**About this exercise**
Starting from the line in which "Светодиодная фигурка выполнена" appears, set down each line exactly through the end of the listing, and nothing else. Leave out pictures.
──────── Supplied entries ────────
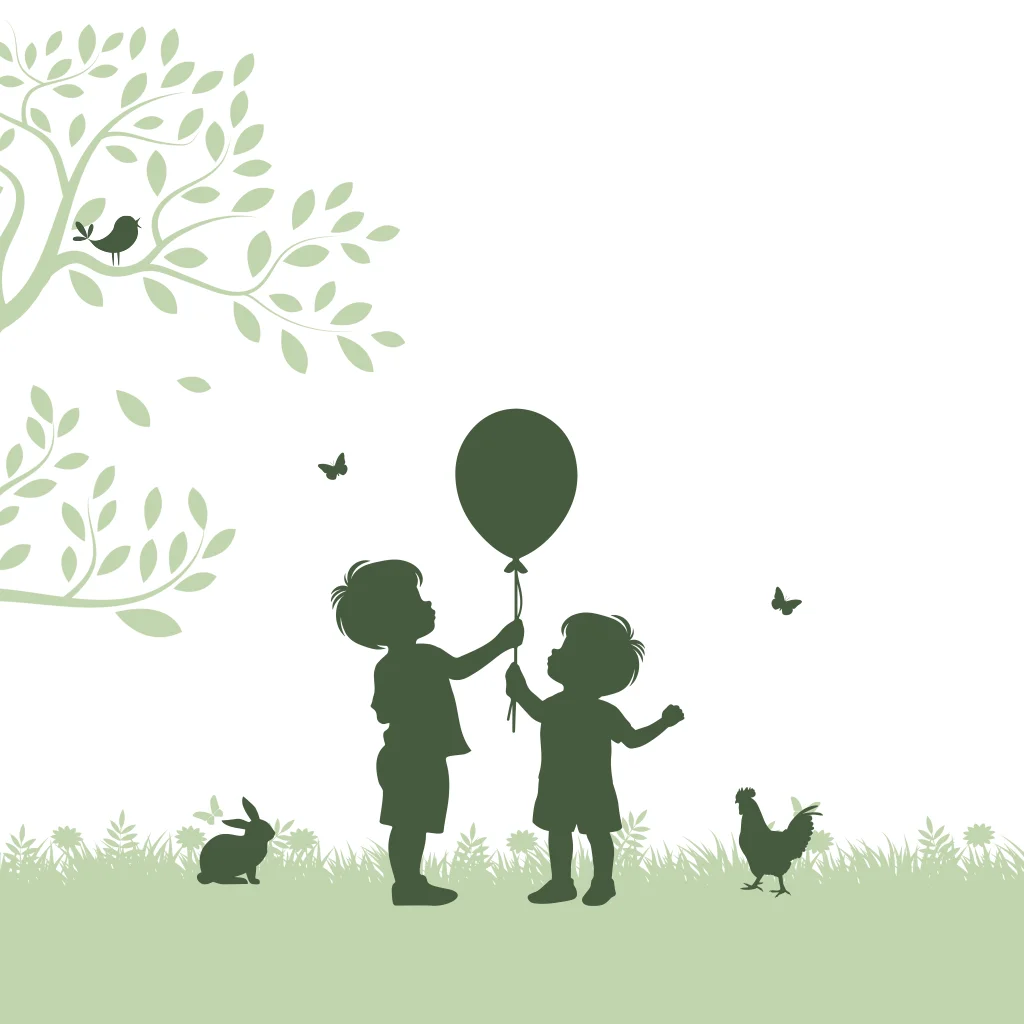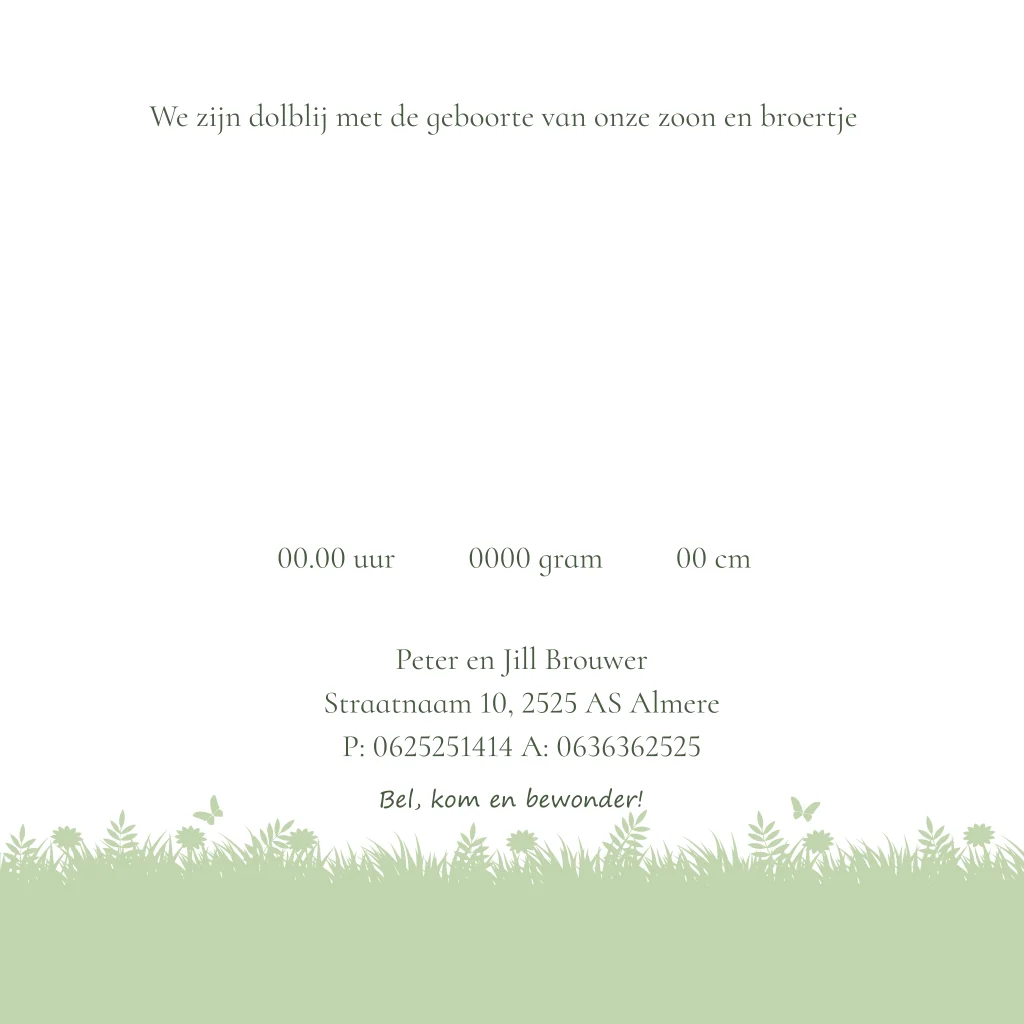 Lief geboortekaartje voor een broertje met grote broer omringd door bomen, dieren en bloemen.
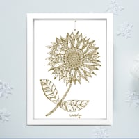 An illustration of a *Sunflower*, screen-printed in gold ink.
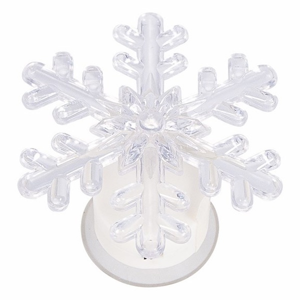 Светодиодная фигурка выполнена из пластика в виде снежинки c красивым узором. В центре фигуры расположен яркий RGB светодиод, который непрерывно меняет цвет свечения в пределах 256 цветов! С тыльной стороны фигуры прикреплен блок питания с батарейками типа CR2032. К блоку питания прикреплена присоска, которая позволит прикрепить фигуру на окно, зеркало, или любую другую ровную поверхность.
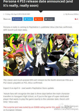 经典RPG游戏《女神异闻录4》登陆PSN数字商城 来源: 飞翔小编feichenpan 2014/4/4 20:45:24 浏览量:513 根据国外著名游戏媒体vg247的情报显示,PS2末期经典RPG游戏《女神异闻录4》将作为PS2 CLASSIC登陆PSN数字下载商城,各位PS3玩家可以重新回味这款佳作。ATLUS美国分公司确定《女神异闻录4》将于2014年4月8日上架发售,值得一提是本作只属于PS3主机使用的PS2数字版游戏,无奖杯,无高清优化。
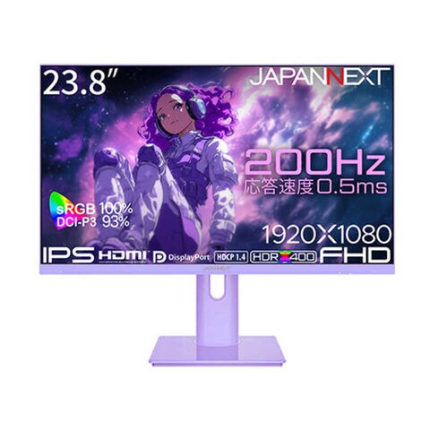 JAPANNEXT IPSパネル搭載 120Hz/0.5ms(MPRT)対応 ゲーミングモニター ケーブル同梱(ホワイト) (2年保証) [23.8型 /フルHD(1920×1080) /ワイド] パープル JN-IPS238G200F-HSP-PP
────────
**Output for this task**
 Светодиодная фигурка выполнена из пластика в виде снежинки c красивым узором. В центре фигуры расположен яркий RGB светодиод, который непрерывно меняет цвет свечения в пределах 256 цветов! С тыльной стороны фигуры прикреплен блок питания с батарейками типа CR2032. К блоку питания прикреплена присоска, которая позволит прикрепить фигуру на окно, зеркало, или любую другую ровную поверхность.
 经典RPG游戏《女神异闻录4》登陆PSN数字商城 来源: 飞翔小编feichenpan 2014/4/4 20:45:24 浏览量:513 根据国外著名游戏媒体vg247的情报显示,PS2末期经典RPG游戏《女神异闻录4》将作为PS2 CLASSIC登陆PSN数字下载商城,各位PS3玩家可以重新回味这款佳作。ATLUS美国分公司确定《女神异闻录4》将于2014年4月8日上架发售,值得一提是本作只属于PS3主机使用的PS2数字版游戏,无奖杯,无高清优化。
 JAPANNEXT IPSパネル搭載 120Hz/0.5ms(MPRT)対応 ゲーミングモニター ケーブル同梱(ホワイト) (2年保証) [23.8型 /フルHD(1920×1080) /ワイド] パープル JN-IPS238G200F-HSP-PP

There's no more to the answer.